Twenty-one patients contributed 79 Cmin measurements. The mean Cmin was 1.60 ± 0.68 mg/L, with 81.0% of samples ≥ 1.0 mg/L; 95.2% of patients achieved at least one target concentration. Substantial interindividual variability was observed, while dose adjustments were infrequent. Breakthrough IFD occurred in 2 patients (9.5%), with no IFD-related deaths. Liver and renal function parameters remained generally stable during follow-up. Reductions in total bilirubin were observed in patients with more advanced liver dysfunction (Model for End-Stage Liver Disease (MELD) > 18 or Child-Pugh C), although these changes were not attributable to posaconazole.

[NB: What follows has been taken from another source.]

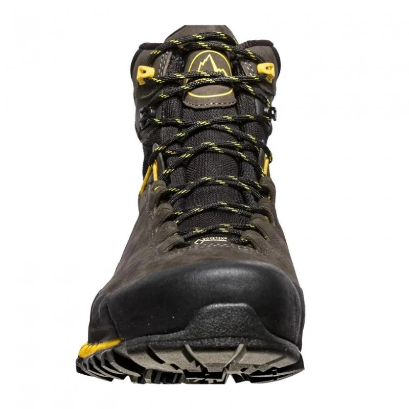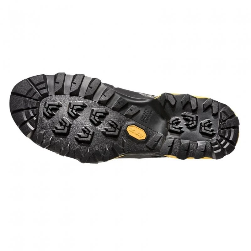 Der La Sportiva TX5 GTX verfügt über eine besonders griffige Vibram MegaGrip-Mischsohle mit Impact Break System mit unterschiedlicher Stärke, die bergauf den Grip erhöht und bergab den Halt bewahrt.

Posaconazole exposure in patients with ESLD showed considerable interindividual variability, despite most Cmin measurements were within the predefined reference range of 0.5-2.5 mg/L. The drug was generally well tolerated in this cohort. These findings support the role of therapeutic drug monitoring (TDM) in characterizing exposure variability in ESLD. Given the small sample size and observational design, the results are descriptive, and further studies are needed to define optimal dosing and monitoring strategies in this high-risk population.
ChiCTR2200063000. Registration on 27 August 2022.

PMID:
42469688
Bibliographic data and abstract were imported from PubMed on 18 Jul 2026.